The way Arkady Volozh’s fortune has fluctuated and recovered over the last four years has an almost cinematic quality. According to Forbes, his current net worth is approximately $7.2 billion as of mid-May 2026, ranking him around #536 on the global list. Naturally, that figure fluctuates every day, sometimes even every hour, based on the performance of Nebius Group’s shares on the Nasdaq that afternoon. And they’ve made a lot of decisions lately.
It was not intended for Volozh to return here. His name appeared on the EU sanctions list in early 2022 following Russia’s invasion of Ukraine, and his ownership of Yandex, the business he had spent more than 20 years creating, became something of a frozen artifact. His wealth plummeted to about $580 million, a humiliating decline for a man who had been watching Yandex, which was worth $30 billion just a year before. Looking back, it seems like very few people outside of his immediate social circle anticipated that he would be able to climb out of that hole. Seldom are Russian businessmen under sanctions.

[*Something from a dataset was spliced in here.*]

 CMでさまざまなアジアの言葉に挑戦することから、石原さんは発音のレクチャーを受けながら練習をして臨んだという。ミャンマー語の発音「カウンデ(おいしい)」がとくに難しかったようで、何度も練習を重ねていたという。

| Bio / Information | Details |
|---|---|
| Full Name | Arkady Yuryevich Volozh |
| Date of Birth | 11 February 1964 |
| Place of Birth | Atyrau (formerly Guryev), Kazakhstan |
| Nationality | Israeli, Maltese (formerly Russian, renounced Feb 2026) |
| Education | Gubkin Russian State University of Oil and Gas |
| Residence | Tel Aviv, Israel |
| Known For | Co-founder of Yandex; Founder & CEO of Nebius Group |
| Current Role | CEO, Nebius Group (NASDAQ: NBIS) |
| Estimated Net Worth (2026) | $7.2 billion (Forbes Real-Time, May 2026) |
| Family | Married to Irina Volozh; 6 children |
| Industry | AI infrastructure, cloud computing, search technology |
However, he took action that the majority of them did not. He said something. He referred to the war as “barbaric” in August 2023, a statement that had more weight than someone else’s because so few members of the Russian business elite had expressed any opinion at all. The EU quietly allowed the sanctions to expire in a matter of months. In July 2024, Yandex NV, the Dutch parent company, sold its Russian operations to a local consortium for $5.4 billion, making it the biggest corporate exit from Russia to date. What was left, including the global cloud, the data infrastructure, and the aspirations for artificial intelligence, was renamed Nebius Group and listed on the Nasdaq.
The interesting part of the recent net-worth math is the Nebius story. With relatively little fanfare, the company went public in October 2024. Then came the AI infrastructure boom: Nvidia invested $2 billion, Microsoft signed a multibillion-dollar cloud and data center contract, and more recently, Volozh’s personal wealth increased by about half a billion dollars on a single trading day in March 2026, thanks to a partnership with Meta. It’s the kind of run that makes you question how much sleep anyone at Nebius is getting.
However, it’s remarkable how little of Volozh is truly visible to the general public. He doesn’t use his earnings to tweet. The loud podcast circuit is not what he does. He’s reportedly the type of person who shows up at small tech meetups and listens more than he speaks, as he strolls through Tel Aviv, where he’s lived since 2014. According to a number of profiles, he is quiet, technical, and sometimes awkward—the exact opposite of the arrogant oligarch archetype. The contrast with the more assertive members of his former Moscow peer group is difficult to ignore.
The actual wealth is highly concentrated. He owns about 13% of Nebius through a family trust, so his number fluctuates with NBIS in a manner that more diversified billionaires do not. For the time being, investors appear to support the AI infrastructure thesis, but it’s still unclear if neoclouds, the smaller, GPU-rich rivals of AWS and Google Cloud, will maintain their valuations after the current capex craze subsides. In a sense, Volozh has been here before; Yandex used to have similarly lofty expectations.
He officially renounced his Russian citizenship in February 2026. Perhaps the more significant headline of the two, it’s a minor detail that’s easy to overlook amid the clamor of his rising stock price. After all, the funds have previously increased. It hadn’t been a clean break.